**ACTION ITEM**. Transcribe the listing exactly; drop the images.

**INFORMATION PROVIDED**.
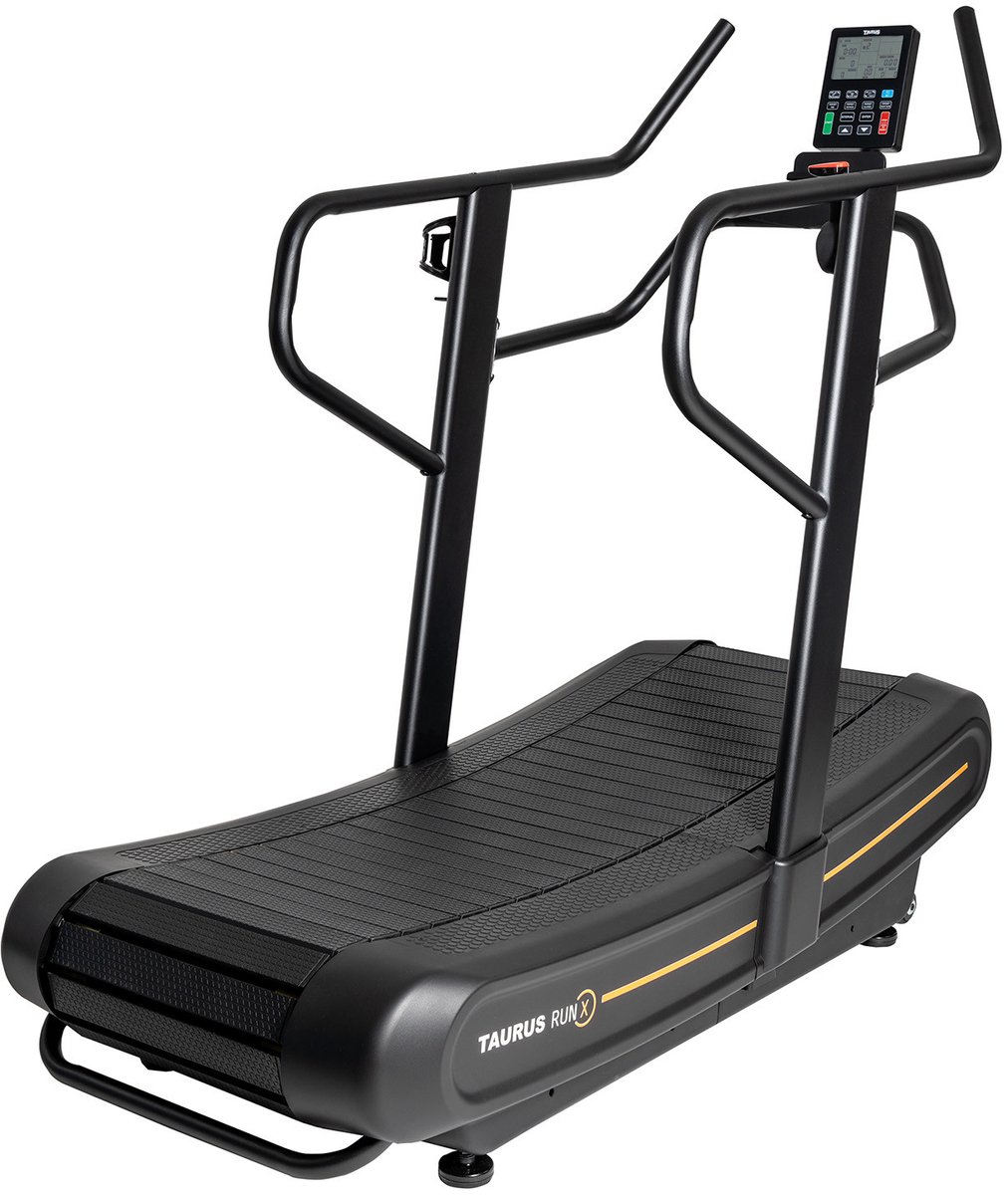 Taurus Run-X: de sprinter onder de loopbanden Ervaar zelf bepaalde loopbandtraining op onbeperkte maximale snelheid op de Run-X van Taurus: De Run-X is een zogenaamde Curved Treadmill-loopband die zonder motor werkt. Het loopvlak is aan de voor- en achterkant naar boven gebogen, waardoor het loopvlak op een bocht lijkt. Als je naar voren stapt, zet dat de loopmat in beweging en duw de loopband zelf voort op je loopsnelheid. Hierdoor bepaal je zelf het tempo en reageert de Run-X direct op je snelheidsveranderingen. Dit loopband principe maakt de Run-X ideaal voor bijvoorbeeld HIIT-units waarin fasen van de hoogste intensiteit worden afgewisseld met fasen van lage snelheid. Met deze training kan nog meer worden bereikt in een kortere trainingstijd, doordat bijvoorbeeld bij een HIIT-unit het zogenaamde afterburn-effect in het spel komt, waardoor je na de training nog tot 48 uur calorieën verbrandt. De Run-X heeft zeven verschillende trainingsprogramma’s en biedt je nog meer afwisseling dan zijn voorganger. Je kan kiezen uit drie doelprogramma’s voor tijd, afstand, calorieën, het doelhartslagprogramma met waarschuwingstoon, het intervalprogramma van 10/20 seconden, het intervalprogramma van 20/10 seconden en het door de gebruiker gedefinieerde intervalprogramma. Deze loopband heeft ook vier weerstandsniveaus die je kunt instellen met een hendel aan de zijkant van de loopband. Dit geeft je de mogelijkheid om bergritten te simuleren en een extra trainingsprikkel in je training op te nemen. Maximale veiligheid, zelfs bij topsnelheden De Run-X heeft zeer lange leuningen en brede treeplanken, waardoor je tijdens de training veilig je grenzen kunt verleggen. Ren tot je niet meer kunt en ‘spring’ er dan gewoon af. Het gestructureerde oppervlak op de treden en de leuningen aan de zijkant zorgen voor een veilige grip. Bovendien geeft het bijzonder lange loopvlak elke loper een veilig en comfortabel loopgevoel, ook bij hoge snelheden. Je kan de verstelbare pootjes ook gebruiken om oneffenheden in de vloer te egaliseren, zodat de loopband stevig en veilig op de vloer staat. Enorme stabiliteit en veerkracht Om intensieve trainingssessies te kunnen doorstaan, is de loopband zeer solide: het frame is extreem robuust en het oppervlak van het loopvlak van hardplastic latten is erg sterk. Zelfs bij de snelste sprints wiebelt er niets met de Run-X. Ondanks zijn massieve constructie is de Run-X flexibel in te stellen in je woonkamer, doordat de loopband is voorzien van een tilbeugel (aan de achterzijde) en transportwielen. Dit betekent dat de loopband kan worden opgetild, verplaatst en overal in de kamer kan worden opgesteld, zonder gedoe met kabels. Het hoogtepunt in jouw fitnessruimte – thuis, in het hotel of in de studio De Run-X is niet alleen het ultieme trainingsapparaat voor thuis: de stabiliteit, materiaalkwaliteit en veerkracht zijn zo hoog dat de loopband zelfs wordt aangeboden met garantie voor professioneel gebruik. De Run-X is de ideale loopband voor fitnessruimtes waar hardlopers van verschillende trainingsniveaus samenkomen, want langzaam lopen is net zo goed mogelijk als extreme sprints. Upgrade uw sportclub, fitnessstudio, hotel of bedrijfsfitnessruimte met de Run-X – uw leden, gasten en medewerkers zullen er met plezier op trainen! Perfect geschikt voor HIIT-training (High Interval Training) Geen ingewikkelde elektronica, geen motor, extreem robuust, dus bijna geen slijtage 7 programma’s: doelprogramma’s (tijd, afstand, calorieën), doelhartslag met waarschuwingstoon, 10/20 interval, 20/10 interval en door de gebruiker gedefinieerd interval Verschillende moeilijkheidsgraden Eenvoudig, goed leesbaar display Uitzonderlijk robuuste constructie: gebruikersgewicht maximaal 150 kg Ongelimiteerde snelheid, de loopband gaat zo snel als dat jij kunt rennen Extra lang loopoppervlak biedt enorme zekerheid bij hoge snelheden De gebogen loopband is ideaal voor snelle snelheidswijzigingen Extra lange leuningen bieden veiligheid voor beginners en stellen professionals in staat nog sneller te rennen Loopmat gemaakt van harde kunststof lamellen: extreem duurzaam Loopvlakken naast de loopmat zijn extra breed De loopband heeft poten zodat hij op een oneffenondergrond waterpas kan worden afgesteld Geen stroomaansluiting nodig (display werkt met 4x AAA) De loopband heeft een groot handvat aan de achterkant zodat je hem op kan tillen. Dankzij de handige transportwieltjes kan je de loopband verplaatsen Incl. Tablethouder Slimme compatibiliteit met Kinomap: loopsnelheid wordt overgedragen naar Kinomap, je bepaalt nog steeds zelf de snelheid.
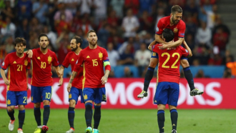 Holdet viste sprudlende fodboldspil, og allerede efter ti minutter var Alvaro Morata tæt på at bringe storfavoritten i front, men hans hovedstød prellede af på stolpen.
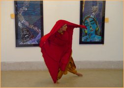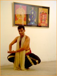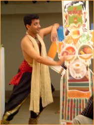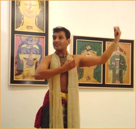 ![]() Following the inauguration of the exhibition, Srikanth presented Collages through Dance, starting with Ganesha for which Ramani lent vocal support (another of his talents), then Ravana and ended with Krishna. The items were chosen to complement the images on exhibit. "Ramani asked me to do something using collage as a theme. I love Tamizh as much as I love dance. I am very confident about my prowess in Tamizh. So I did one piece in proper Bharatanatyam on Ganesha. For Ravana, I wanted to do something different. I took Ravana's pralapam (soliloquy), as a great Shiva bhakta, a great Vainika, a great king and so on. Everything comes to naught because he covets the wife of another man and the good qualities get lost and only the demonic traits take dominance. I wrote the Tamizh text myself with assistance from Mr. Raghuraman. For the 3rd item, I wanted to do raas in folk style, next to the puppet. So, I took Ramani's idea and mixed raas movements with puppet movements." "I eagerly awaited this performance as I sang, spoke and danced, all together, in this show. It was very challenging and I enjoyed it immensely. This is my first experience of performing at an art exhibition. I look forward to doing more such shows. I also want to do programs based on Tamizh. I want to do Ravana as a full-length production. Next year I plan to do a full length production Nirmalyam based on M T Vasudevan Nair's award winning film of the same name". Srikanth participated recently in the Summer Residency Course in teachers training conducted by Kala Bharati and Mamata Niyogi-Nakra in Montreal. Teachers from across USA and Canada attended it. Guest lecturers were S P Sundaram of Sruti, Devesh Soneji, Vincent Warren and Sarasi Raj to name a few. Srikanth represented 'Tradition and Beyond' since he's from the Bhagavatamela tradition and is a regular performer in Bhagavatamela natakams. He presented a paper on Bhagavatamela, what are the changes that have happened, what are the elements that will never change - like girls not being allowed to perform in Bhagavatamela natakam and so on. During the Chennai December season, Srikanth has 4 solo programs, something to be proud of, as male dancers seldom get such opportunities.
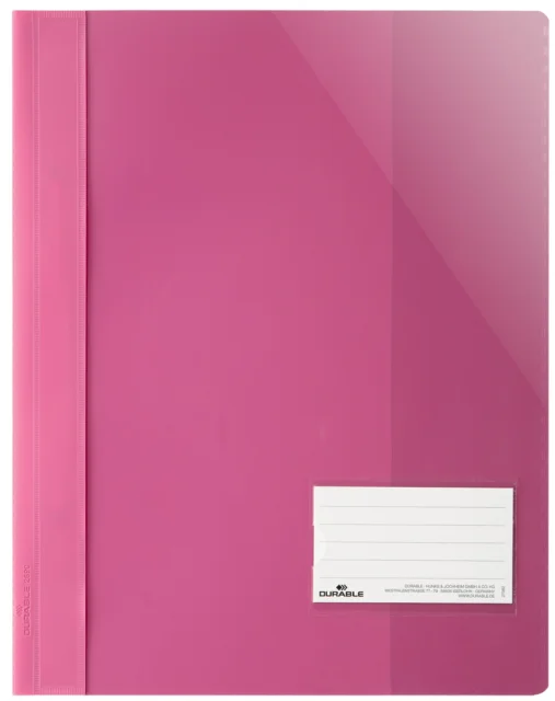 z okencem za označevanje 90 x 57 mm, prozorna sprednja platnica, barvna hrbtna stran, pokrit šivalni mehanizem, notranji žep na zadnji strani za neluknjane dokumente (269034) Pomembni podatki: Izvedba: PVCFormat: A4+Barva: temno roza Širina embalaže v mm: 245V

**RESPONSE AREA**.
 Taurus Run-X: de sprinter onder de loopbanden Ervaar zelf bepaalde loopbandtraining op onbeperkte maximale snelheid op de Run-X van Taurus: De Run-X is een zogenaamde Curved Treadmill-loopband die zonder motor werkt. Het loopvlak is aan de voor- en achterkant naar boven gebogen, waardoor het loopvlak op een bocht lijkt. Als je naar voren stapt, zet dat de loopmat in beweging en duw de loopband zelf voort op je loopsnelheid. Hierdoor bepaal je zelf het tempo en reageert de Run-X direct op je snelheidsveranderingen. Dit loopband principe maakt de Run-X ideaal voor bijvoorbeeld HIIT-units waarin fasen van de hoogste intensiteit worden afgewisseld met fasen van lage snelheid. Met deze training kan nog meer worden bereikt in een kortere trainingstijd, doordat bijvoorbeeld bij een HIIT-unit het zogenaamde afterburn-effect in het spel komt, waardoor je na de training nog tot 48 uur calorieën verbrandt. De Run-X heeft zeven verschillende trainingsprogramma’s en biedt je nog meer afwisseling dan zijn voorganger. Je kan kiezen uit drie doelprogramma’s voor tijd, afstand, calorieën, het doelhartslagprogramma met waarschuwingstoon, het intervalprogramma van 10/20 seconden, het intervalprogramma van 20/10 seconden en het door de gebruiker gedefinieerde intervalprogramma. Deze loopband heeft ook vier weerstandsniveaus die je kunt instellen met een hendel aan de zijkant van de loopband. Dit geeft je de mogelijkheid om bergritten te simuleren en een extra trainingsprikkel in je training op te nemen. Maximale veiligheid, zelfs bij topsnelheden De Run-X heeft zeer lange leuningen en brede treeplanken, waardoor je tijdens de training veilig je grenzen kunt verleggen. Ren tot je niet meer kunt en ‘spring’ er dan gewoon af. Het gestructureerde oppervlak op de treden en de leuningen aan de zijkant zorgen voor een veilige grip. Bovendien geeft het bijzonder lange loopvlak elke loper een veilig en comfortabel loopgevoel, ook bij hoge snelheden. Je kan de verstelbare pootjes ook gebruiken om oneffenheden in de vloer te egaliseren, zodat de loopband stevig en veilig op de vloer staat. Enorme stabiliteit en veerkracht Om intensieve trainingssessies te kunnen doorstaan, is de loopband zeer solide: het frame is extreem robuust en het oppervlak van het loopvlak van hardplastic latten is erg sterk. Zelfs bij de snelste sprints wiebelt er niets met de Run-X. Ondanks zijn massieve constructie is de Run-X flexibel in te stellen in je woonkamer, doordat de loopband is voorzien van een tilbeugel (aan de achterzijde) en transportwielen. Dit betekent dat de loopband kan worden opgetild, verplaatst en overal in de kamer kan worden opgesteld, zonder gedoe met kabels. Het hoogtepunt in jouw fitnessruimte – thuis, in het hotel of in de studio De Run-X is niet alleen het ultieme trainingsapparaat voor thuis: de stabiliteit, materiaalkwaliteit en veerkracht zijn zo hoog dat de loopband zelfs wordt aangeboden met garantie voor professioneel gebruik. De Run-X is de ideale loopband voor fitnessruimtes waar hardlopers van verschillende trainingsniveaus samenkomen, want langzaam lopen is net zo goed mogelijk als extreme sprints. Upgrade uw sportclub, fitnessstudio, hotel of bedrijfsfitnessruimte met de Run-X – uw leden, gasten en medewerkers zullen er met plezier op trainen! Perfect geschikt voor HIIT-training (High Interval Training) Geen ingewikkelde elektronica, geen motor, extreem robuust, dus bijna geen slijtage 7 programma’s: doelprogramma’s (tijd, afstand, calorieën), doelhartslag met waarschuwingstoon, 10/20 interval, 20/10 interval en door de gebruiker gedefinieerd interval Verschillende moeilijkheidsgraden Eenvoudig, goed leesbaar display Uitzonderlijk robuuste constructie: gebruikersgewicht maximaal 150 kg Ongelimiteerde snelheid, de loopband gaat zo snel als dat jij kunt rennen Extra lang loopoppervlak biedt enorme zekerheid bij hoge snelheden De gebogen loopband is ideaal voor snelle snelheidswijzigingen Extra lange leuningen bieden veiligheid voor beginners en stellen professionals in staat nog sneller te rennen Loopmat gemaakt van harde kunststof lamellen: extreem duurzaam Loopvlakken naast de loopmat zijn extra breed De loopband heeft poten zodat hij op een oneffenondergrond waterpas kan worden afgesteld Geen stroomaansluiting nodig (display werkt met 4x AAA) De loopband heeft een groot handvat aan de achterkant zodat je hem op kan tillen. Dankzij de handige transportwieltjes kan je de loopband verplaatsen Incl. Tablethouder Slimme compatibiliteit met Kinomap: loopsnelheid wordt overgedragen naar Kinomap, je bepaalt nog steeds zelf de snelheid.
 Holdet viste sprudlende fodboldspil, og allerede efter ti minutter var Alvaro Morata tæt på at bringe storfavoritten i front, men hans hovedstød prellede af på stolpen.
 ![]() Following the inauguration of the exhibition, Srikanth presented Collages through Dance, starting with Ganesha for which Ramani lent vocal support (another of his talents), then Ravana and ended with Krishna. The items were chosen to complement the images on exhibit. "Ramani asked me to do something using collage as a theme. I love Tamizh as much as I love dance. I am very confident about my prowess in Tamizh. So I did one piece in proper Bharatanatyam on Ganesha. For Ravana, I wanted to do something different. I took Ravana's pralapam (soliloquy), as a great Shiva bhakta, a great Vainika, a great king and so on. Everything comes to naught because he covets the wife of another man and the good qualities get lost and only the demonic traits take dominance. I wrote the Tamizh text myself with assistance from Mr. Raghuraman. For the 3rd item, I wanted to do raas in folk style, next to the puppet. So, I took Ramani's idea and mixed raas movements with puppet movements." "I eagerly awaited this performance as I sang, spoke and danced, all together, in this show. It was very challenging and I enjoyed it immensely. This is my first experience of performing at an art exhibition. I look forward to doing more such shows. I also want to do programs based on Tamizh. I want to do Ravana as a full-length production. Next year I plan to do a full length production Nirmalyam based on M T Vasudevan Nair's award winning film of the same name". Srikanth participated recently in the Summer Residency Course in teachers training conducted by Kala Bharati and Mamata Niyogi-Nakra in Montreal. Teachers from across USA and Canada attended it. Guest lecturers were S P Sundaram of Sruti, Devesh Soneji, Vincent Warren and Sarasi Raj to name a few. Srikanth represented 'Tradition and Beyond' since he's from the Bhagavatamela tradition and is a regular performer in Bhagavatamela natakams. He presented a paper on Bhagavatamela, what are the changes that have happened, what are the elements that will never change - like girls not being allowed to perform in Bhagavatamela natakam and so on. During the Chennai December season, Srikanth has 4 solo programs, something to be proud of, as male dancers seldom get such opportunities.
 z okencem za označevanje 90 x 57 mm, prozorna sprednja platnica, barvna hrbtna stran, pokrit šivalni mehanizem, notranji žep na zadnji strani za neluknjane dokumente (269034) Pomembni podatki: Izvedba: PVCFormat: A4+Barva: temno roza Širina embalaže v mm: 245V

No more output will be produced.